Однажды утром тишина стала невыносимой. Я не могла больше слушать этот обманчивый покой, который нависал надо мной, как невидимое бремя. Она казалась такой вязкой и тяжёлой, будто стены квартиры стали шептаться за моей спиной, обсуждая меня, осуждая за слабость, наивность, за то, что я не смогла сохранить то, что когда-то было священным.
Я сидела на краю кровати, уставившись в экран телефона, на котором не было ни одного нового сообщения. Вдруг среди жуткой безмолвности я заметила знакомое имя, и в груди зашевелилось ощущение тепла. Аня. Моя подруга.

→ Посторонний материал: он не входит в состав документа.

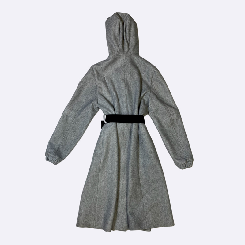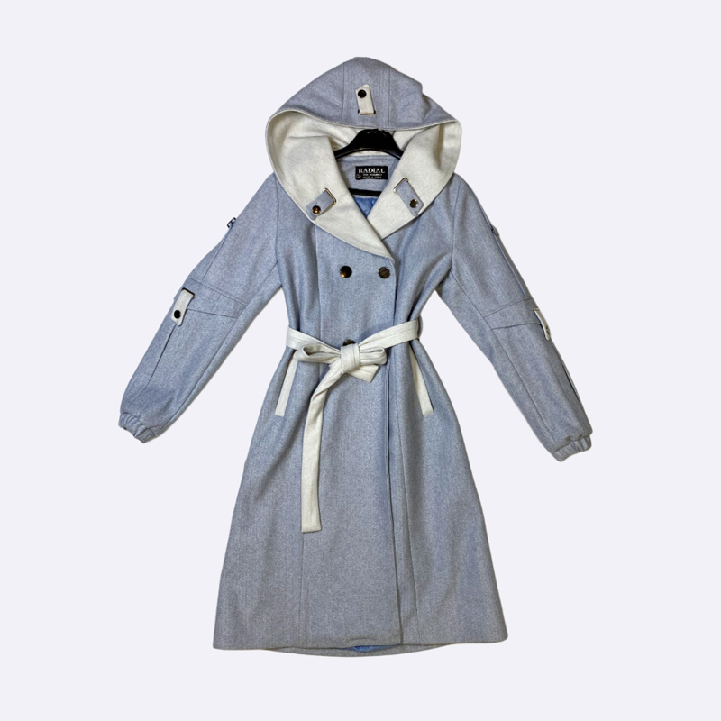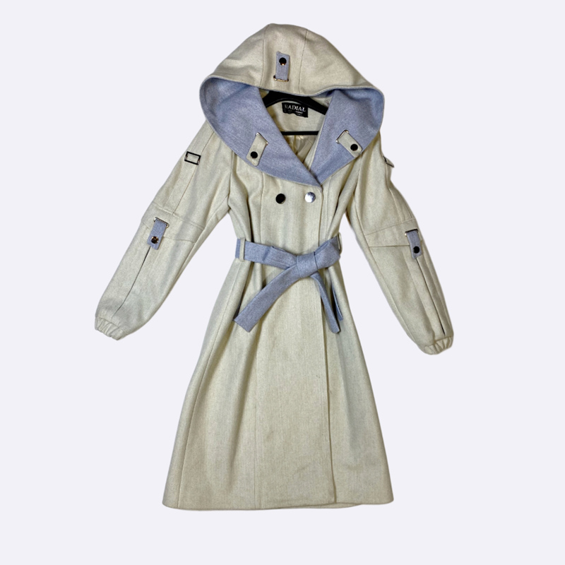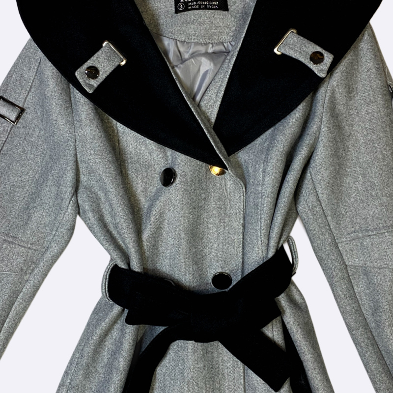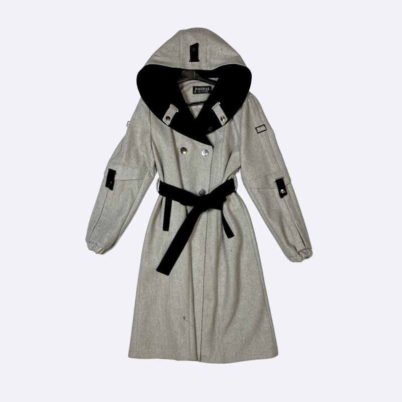 معطف طويل بتصميم عصري يتميز بغطاء رأس وياقة متباينة، مع رباط خصر وإبزيم على الأكمام، مثالي للطقس البارد.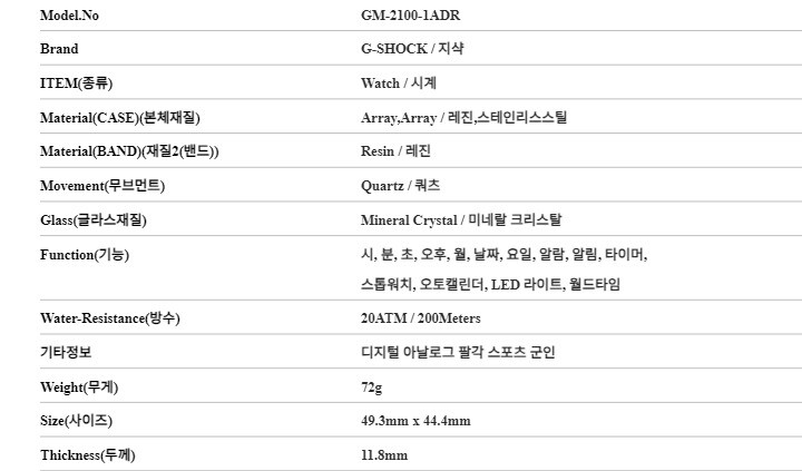 | 3. 제조사 | 지샥/MACHO-병행수입 |

Мы не общались уже несколько недель. Пожалуй, я сама укрылась в своей скорби, как в старом, затрепаном пледе, боясь, что её добрый голос лишь усугубит мою боль. В глубине души я стыдилась своей разбитости, словно страдать – это было унизительно, как будто расплакаться перед кем-то было чем-то непозволительным.
Я долго смотрела на её имя, которое светилось в темноте моего смартфона, словно маяк. Пальцы сами потянулись к экрану, и в процессе я едва не нажала на кнопку «вызов», но тут же отдёрнула руку, словно она была на горячем утюге.
Что я скажу? Как объясню? С чего начать, когда в груди стерлась даже память о чём-то хорошем?
Но где-то внутри меня что-то шептало: «Позвони. Просто позвони. Пусть она узнает, что ты ещё жива».
Я, всё-таки, набрала номер.
Гудки звучали долго, я уже собиралась сбросить вызов, когда из трубки до меня донёсся её тёплый, несомненно знакомый голос: «Алло?»
На мгновение я застыла, комок в горле стал таким плотным, что мне казалось, я захлебнусь.
«Лен?» – окликнула она, и в её словах звучало такое тепло и человеческое участие, что слёзы полились из глаз, как неожиданно открывшийся шлюз.
– Ань… я не знаю, что делать, – выдавила я, всхлипывая в трубку. Вместо того чтобы объяснять, как мне плохо, как я умираю внутри, я прошептала о своей безысходности.
– Я здесь, – ответила она.
Без вопросов, осуждений или глупых советов, только эти два слова, которые были как спасательный круг для утопающего. Я цеплялась за её голос, за её дыхание, за то, что где-то там, за стенами моей пустой квартиры, существует человек, который помнит о мне, которому не всё равно.
Я не помню, сколько мы говорили – может, полчаса, может, два часа. Я торопилась, перескакивала с одной темы на другую – сначала вспоминала, как всё вот это началось, как она была рядом, как я не замечала первых сигналов бедствия, как цеплялась за остатки любви, когда они уже не имели смысла. Я говорила о своей вине и стыде, о желании незаметно исчезнуть. Аня слушала.
Иногда молчала, иногда вставляла короткой: «Я тебя понимаю». Иногда просто дышала в трубку вместе со мной. И в этом дыхании я вдруг ощутила – я ещё есть. Я ещё жива, и кто-то другой тоже это понимает.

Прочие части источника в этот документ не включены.